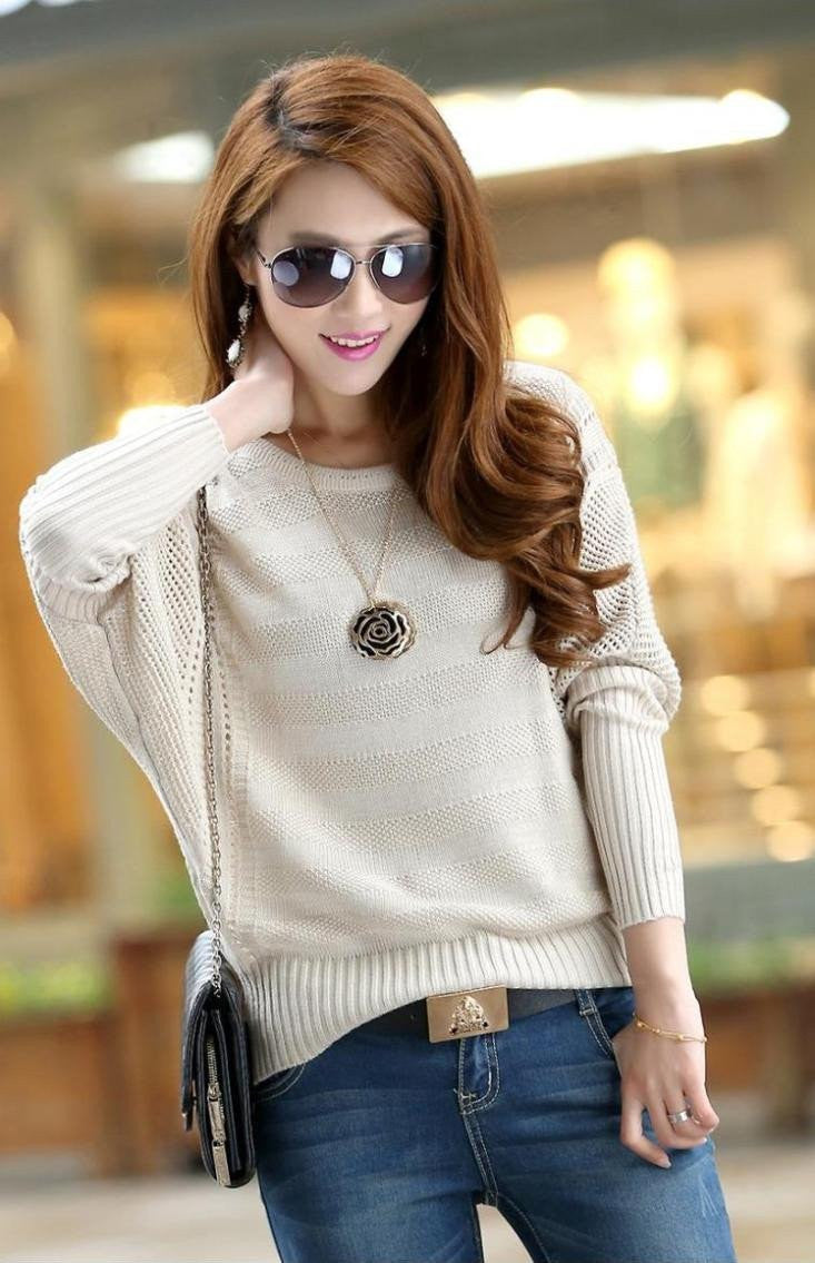 This batwing pullover sweater is casual and comes with a full length sleeve. This flat method sweater is solid and very comfortable.
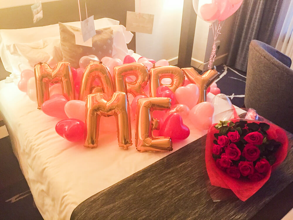 バルーンの装飾の中に指輪の箱をこっそり忍ばせて置いておいて、バルーンの装飾で驚いている彼女にそのままひざまずいてプロポーズを、、、。
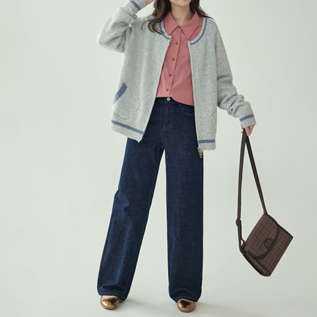 color trim zip cardigan
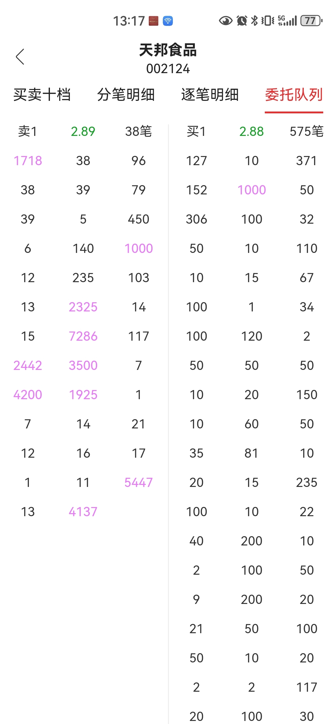 $天邦食品(SZ002124)$ 瞬间压了几万手

**Assigned task**
Start to finish, write out the data above exactly, omitting all pictures.

**Answer**
 This batwing pullover sweater is casual and comes with a full length sleeve. This flat method sweater is solid and very comfortable.
 バルーンの装飾の中に指輪の箱をこっそり忍ばせて置いておいて、バルーンの装飾で驚いている彼女にそのままひざまずいてプロポーズを、、、。
 color trim zip cardigan
 $天邦食品(SZ002124)$ 瞬间压了几万手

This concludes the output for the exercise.